▸ Information provided
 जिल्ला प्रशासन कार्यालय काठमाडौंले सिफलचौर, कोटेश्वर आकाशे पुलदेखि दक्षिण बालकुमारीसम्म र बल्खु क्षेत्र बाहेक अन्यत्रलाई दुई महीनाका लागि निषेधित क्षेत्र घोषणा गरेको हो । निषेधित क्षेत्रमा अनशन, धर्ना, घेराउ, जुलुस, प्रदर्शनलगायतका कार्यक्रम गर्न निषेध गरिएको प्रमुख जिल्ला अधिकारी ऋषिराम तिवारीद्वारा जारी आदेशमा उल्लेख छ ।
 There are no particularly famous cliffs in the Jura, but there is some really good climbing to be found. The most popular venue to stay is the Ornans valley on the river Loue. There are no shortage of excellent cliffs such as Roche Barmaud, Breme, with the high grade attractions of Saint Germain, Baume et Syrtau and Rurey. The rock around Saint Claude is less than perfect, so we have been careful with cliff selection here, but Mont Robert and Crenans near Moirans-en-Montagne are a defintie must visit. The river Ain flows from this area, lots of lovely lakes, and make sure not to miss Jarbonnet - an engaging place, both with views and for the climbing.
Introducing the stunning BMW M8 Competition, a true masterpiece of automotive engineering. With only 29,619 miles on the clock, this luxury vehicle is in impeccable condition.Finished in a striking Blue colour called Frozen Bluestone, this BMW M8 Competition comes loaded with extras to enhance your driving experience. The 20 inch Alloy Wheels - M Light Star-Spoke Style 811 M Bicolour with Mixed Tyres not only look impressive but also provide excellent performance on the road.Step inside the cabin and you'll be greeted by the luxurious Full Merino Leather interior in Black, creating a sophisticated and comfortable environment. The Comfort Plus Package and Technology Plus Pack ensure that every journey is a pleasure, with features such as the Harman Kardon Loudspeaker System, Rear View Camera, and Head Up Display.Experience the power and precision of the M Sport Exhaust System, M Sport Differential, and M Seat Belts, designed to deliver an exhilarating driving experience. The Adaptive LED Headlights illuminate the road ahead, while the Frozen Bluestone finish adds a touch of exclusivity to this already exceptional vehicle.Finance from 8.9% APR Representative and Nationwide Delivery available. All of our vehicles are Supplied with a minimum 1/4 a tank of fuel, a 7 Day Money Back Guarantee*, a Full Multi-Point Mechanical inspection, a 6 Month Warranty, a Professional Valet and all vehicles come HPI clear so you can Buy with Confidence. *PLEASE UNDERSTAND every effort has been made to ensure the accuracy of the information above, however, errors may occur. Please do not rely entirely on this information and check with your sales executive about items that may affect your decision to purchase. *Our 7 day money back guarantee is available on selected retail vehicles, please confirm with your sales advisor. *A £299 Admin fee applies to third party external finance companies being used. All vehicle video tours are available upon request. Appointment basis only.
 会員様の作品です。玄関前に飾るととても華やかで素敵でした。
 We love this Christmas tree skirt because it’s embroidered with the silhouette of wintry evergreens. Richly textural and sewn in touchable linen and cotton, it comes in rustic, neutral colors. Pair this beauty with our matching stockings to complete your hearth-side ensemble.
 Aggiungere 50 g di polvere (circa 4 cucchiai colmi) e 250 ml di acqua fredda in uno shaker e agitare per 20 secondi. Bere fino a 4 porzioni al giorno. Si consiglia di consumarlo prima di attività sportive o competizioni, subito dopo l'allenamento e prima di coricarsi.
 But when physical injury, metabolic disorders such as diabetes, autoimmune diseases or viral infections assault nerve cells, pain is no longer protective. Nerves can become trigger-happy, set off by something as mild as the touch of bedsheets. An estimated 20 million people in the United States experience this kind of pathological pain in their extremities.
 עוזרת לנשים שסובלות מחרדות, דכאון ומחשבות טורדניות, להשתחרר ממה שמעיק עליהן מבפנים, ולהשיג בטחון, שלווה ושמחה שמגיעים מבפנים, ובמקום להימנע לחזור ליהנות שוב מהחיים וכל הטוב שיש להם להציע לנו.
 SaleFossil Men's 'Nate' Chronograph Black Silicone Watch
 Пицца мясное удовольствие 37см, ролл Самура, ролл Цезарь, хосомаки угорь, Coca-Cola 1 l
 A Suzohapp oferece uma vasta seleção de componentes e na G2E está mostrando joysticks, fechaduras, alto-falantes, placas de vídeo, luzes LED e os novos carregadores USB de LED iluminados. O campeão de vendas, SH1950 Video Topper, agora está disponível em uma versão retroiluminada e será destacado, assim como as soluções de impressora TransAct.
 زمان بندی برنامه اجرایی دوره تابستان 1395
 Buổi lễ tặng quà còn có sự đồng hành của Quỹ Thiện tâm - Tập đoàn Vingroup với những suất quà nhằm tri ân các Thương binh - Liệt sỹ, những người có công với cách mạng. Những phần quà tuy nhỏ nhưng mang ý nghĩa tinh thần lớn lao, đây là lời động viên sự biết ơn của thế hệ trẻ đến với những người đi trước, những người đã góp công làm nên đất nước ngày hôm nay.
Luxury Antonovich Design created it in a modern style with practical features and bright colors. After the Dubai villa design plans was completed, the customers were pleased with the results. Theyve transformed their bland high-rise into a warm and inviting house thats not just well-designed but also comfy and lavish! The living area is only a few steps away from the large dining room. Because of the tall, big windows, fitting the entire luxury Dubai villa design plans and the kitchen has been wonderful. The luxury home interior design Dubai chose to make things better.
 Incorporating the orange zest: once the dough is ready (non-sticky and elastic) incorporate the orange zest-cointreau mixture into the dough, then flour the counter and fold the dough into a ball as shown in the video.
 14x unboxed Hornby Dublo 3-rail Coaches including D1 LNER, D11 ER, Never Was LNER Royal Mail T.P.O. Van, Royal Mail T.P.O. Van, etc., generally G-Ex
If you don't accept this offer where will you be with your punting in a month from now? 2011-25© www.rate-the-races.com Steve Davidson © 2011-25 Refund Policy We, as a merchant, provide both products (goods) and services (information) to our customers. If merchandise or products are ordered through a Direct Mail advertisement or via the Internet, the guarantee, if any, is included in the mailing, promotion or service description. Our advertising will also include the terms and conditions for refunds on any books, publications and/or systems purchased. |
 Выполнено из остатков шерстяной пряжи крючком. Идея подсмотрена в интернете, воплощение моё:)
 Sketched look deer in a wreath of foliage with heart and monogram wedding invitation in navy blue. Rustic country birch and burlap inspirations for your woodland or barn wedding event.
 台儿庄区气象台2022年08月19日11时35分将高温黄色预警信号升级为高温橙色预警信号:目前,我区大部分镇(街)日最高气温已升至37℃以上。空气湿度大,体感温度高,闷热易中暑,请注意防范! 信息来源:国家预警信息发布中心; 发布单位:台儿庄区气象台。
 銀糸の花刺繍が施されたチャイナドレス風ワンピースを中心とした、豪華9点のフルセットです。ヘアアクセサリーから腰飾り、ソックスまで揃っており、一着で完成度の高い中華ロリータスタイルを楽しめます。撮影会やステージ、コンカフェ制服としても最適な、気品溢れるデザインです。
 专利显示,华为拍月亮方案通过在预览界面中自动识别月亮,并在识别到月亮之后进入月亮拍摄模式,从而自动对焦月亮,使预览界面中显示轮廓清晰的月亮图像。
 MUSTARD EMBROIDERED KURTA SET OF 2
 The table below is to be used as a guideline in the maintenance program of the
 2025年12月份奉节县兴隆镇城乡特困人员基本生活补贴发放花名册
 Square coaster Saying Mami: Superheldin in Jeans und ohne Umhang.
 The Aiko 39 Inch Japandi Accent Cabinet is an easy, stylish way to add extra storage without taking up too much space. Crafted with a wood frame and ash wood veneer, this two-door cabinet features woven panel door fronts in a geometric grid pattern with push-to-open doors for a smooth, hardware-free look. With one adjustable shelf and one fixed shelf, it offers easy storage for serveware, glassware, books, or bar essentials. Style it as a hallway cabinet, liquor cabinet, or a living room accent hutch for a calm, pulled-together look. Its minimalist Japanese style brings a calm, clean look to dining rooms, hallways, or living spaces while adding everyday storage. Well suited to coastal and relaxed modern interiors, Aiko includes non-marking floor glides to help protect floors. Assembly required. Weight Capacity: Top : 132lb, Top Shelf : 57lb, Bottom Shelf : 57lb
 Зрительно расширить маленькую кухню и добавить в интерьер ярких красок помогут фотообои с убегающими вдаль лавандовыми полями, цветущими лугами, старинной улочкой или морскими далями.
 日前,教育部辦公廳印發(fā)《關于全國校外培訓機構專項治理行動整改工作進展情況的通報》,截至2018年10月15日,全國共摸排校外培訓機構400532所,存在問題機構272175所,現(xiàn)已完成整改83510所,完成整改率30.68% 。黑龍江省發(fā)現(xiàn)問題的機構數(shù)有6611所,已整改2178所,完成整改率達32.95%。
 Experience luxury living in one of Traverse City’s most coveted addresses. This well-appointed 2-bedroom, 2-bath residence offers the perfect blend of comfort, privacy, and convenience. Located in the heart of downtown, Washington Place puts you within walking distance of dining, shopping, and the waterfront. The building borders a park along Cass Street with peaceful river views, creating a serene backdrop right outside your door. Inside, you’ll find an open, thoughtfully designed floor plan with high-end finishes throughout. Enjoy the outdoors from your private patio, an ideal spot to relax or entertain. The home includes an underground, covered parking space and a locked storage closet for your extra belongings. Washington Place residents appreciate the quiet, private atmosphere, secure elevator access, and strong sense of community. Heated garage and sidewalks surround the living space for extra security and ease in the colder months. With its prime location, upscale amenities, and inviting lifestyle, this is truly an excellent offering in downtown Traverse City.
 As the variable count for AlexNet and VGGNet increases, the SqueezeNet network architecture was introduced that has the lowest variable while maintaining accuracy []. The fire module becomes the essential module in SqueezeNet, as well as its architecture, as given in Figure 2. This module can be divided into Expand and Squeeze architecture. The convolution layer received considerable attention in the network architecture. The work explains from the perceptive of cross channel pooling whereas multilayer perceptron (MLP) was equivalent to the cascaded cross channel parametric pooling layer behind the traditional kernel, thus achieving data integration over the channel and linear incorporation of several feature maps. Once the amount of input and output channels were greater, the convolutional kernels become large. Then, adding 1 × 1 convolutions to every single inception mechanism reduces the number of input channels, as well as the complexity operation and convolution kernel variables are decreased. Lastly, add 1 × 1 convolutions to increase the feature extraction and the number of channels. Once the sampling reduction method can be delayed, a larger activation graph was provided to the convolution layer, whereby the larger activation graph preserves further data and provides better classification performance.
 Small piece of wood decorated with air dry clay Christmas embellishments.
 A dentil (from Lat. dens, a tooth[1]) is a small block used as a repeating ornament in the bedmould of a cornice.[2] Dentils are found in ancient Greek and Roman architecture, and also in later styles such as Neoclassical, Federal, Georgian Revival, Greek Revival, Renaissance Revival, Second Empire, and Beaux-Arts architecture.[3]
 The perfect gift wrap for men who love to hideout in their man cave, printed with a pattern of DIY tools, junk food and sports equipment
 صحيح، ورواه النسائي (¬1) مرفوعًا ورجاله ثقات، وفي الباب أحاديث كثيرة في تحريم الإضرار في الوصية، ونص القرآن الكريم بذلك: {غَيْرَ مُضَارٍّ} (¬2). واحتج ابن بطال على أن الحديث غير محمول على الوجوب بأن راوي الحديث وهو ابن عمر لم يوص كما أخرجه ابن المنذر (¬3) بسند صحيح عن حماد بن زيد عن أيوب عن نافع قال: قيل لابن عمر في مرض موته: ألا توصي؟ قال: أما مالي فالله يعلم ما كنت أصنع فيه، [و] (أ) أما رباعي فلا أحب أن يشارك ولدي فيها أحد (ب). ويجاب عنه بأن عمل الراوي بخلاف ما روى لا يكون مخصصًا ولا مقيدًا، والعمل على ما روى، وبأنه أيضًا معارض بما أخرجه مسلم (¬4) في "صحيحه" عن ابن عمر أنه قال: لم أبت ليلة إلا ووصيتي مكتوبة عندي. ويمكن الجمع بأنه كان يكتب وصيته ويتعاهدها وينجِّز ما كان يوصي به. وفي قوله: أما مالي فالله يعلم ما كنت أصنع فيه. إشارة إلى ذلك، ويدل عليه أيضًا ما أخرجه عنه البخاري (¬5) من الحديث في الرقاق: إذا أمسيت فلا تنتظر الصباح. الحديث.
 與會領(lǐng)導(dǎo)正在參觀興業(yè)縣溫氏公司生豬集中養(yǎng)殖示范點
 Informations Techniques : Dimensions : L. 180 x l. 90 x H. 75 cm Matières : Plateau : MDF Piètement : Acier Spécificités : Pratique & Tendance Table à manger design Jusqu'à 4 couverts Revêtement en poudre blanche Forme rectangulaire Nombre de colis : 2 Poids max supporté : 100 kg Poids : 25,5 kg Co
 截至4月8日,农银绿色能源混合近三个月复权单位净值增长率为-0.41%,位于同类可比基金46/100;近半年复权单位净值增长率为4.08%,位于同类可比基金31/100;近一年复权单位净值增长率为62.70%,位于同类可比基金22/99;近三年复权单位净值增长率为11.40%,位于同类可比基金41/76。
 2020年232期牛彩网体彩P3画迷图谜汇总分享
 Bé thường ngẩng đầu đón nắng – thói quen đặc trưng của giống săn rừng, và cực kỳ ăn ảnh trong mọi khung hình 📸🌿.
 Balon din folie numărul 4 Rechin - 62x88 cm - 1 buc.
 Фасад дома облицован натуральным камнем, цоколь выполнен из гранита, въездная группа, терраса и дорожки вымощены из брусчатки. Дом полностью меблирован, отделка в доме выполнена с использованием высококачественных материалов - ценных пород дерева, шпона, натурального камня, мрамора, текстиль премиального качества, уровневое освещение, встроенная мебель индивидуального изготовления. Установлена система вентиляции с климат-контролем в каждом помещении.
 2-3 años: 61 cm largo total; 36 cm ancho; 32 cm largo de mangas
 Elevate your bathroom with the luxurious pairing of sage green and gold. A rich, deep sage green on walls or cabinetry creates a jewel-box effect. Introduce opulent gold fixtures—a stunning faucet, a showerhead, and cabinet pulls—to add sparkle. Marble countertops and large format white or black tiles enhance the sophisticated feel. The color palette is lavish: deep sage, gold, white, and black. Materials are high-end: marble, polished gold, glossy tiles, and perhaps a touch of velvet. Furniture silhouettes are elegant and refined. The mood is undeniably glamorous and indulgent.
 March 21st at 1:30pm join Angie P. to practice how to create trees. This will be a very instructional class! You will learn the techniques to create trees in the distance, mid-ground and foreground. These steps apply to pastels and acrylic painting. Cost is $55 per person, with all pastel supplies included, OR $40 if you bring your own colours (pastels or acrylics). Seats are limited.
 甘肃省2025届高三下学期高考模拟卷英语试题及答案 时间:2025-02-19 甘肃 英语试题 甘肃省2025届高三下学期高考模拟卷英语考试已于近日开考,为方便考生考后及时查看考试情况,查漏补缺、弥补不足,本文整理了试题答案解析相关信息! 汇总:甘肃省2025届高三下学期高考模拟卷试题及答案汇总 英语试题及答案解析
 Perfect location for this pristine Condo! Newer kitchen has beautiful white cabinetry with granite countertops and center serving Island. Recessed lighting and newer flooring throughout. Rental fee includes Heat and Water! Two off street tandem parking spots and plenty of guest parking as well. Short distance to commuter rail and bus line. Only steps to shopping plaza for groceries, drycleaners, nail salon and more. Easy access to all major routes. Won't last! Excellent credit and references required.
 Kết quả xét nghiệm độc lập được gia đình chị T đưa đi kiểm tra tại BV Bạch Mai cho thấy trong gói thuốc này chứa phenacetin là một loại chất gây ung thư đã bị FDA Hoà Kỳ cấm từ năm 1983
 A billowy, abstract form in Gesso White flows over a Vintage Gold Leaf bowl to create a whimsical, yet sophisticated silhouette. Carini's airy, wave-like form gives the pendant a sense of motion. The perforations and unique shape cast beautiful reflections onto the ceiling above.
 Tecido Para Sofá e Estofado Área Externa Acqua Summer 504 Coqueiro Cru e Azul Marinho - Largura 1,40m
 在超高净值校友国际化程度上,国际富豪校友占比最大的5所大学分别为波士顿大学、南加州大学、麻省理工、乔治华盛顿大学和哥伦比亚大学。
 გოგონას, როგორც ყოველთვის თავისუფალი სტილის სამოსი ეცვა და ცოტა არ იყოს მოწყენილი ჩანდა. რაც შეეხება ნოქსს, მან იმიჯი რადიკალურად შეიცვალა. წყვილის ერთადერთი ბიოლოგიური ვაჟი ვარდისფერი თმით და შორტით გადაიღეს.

▸ Exercise description
Throughout the material above, find each line with "their" and return it.

▸ Answer space
 But when physical injury, metabolic disorders such as diabetes, autoimmune diseases or viral infections assault nerve cells, pain is no longer protective. Nerves can become trigger-happy, set off by something as mild as the touch of bedsheets. An estimated 20 million people in the United States experience this kind of pathological pain in their extremities.
Luxury Antonovich Design created it in a modern style with practical features and bright colors. After the Dubai villa design plans was completed, the customers were pleased with the results. Theyve transformed their bland high-rise into a warm and inviting house thats not just well-designed but also comfy and lavish! The living area is only a few steps away from the large dining room. Because of the tall, big windows, fitting the entire luxury Dubai villa design plans and the kitchen has been wonderful. The luxury home interior design Dubai chose to make things better.
 The perfect gift wrap for men who love to hideout in their man cave, printed with a pattern of DIY tools, junk food and sports equipment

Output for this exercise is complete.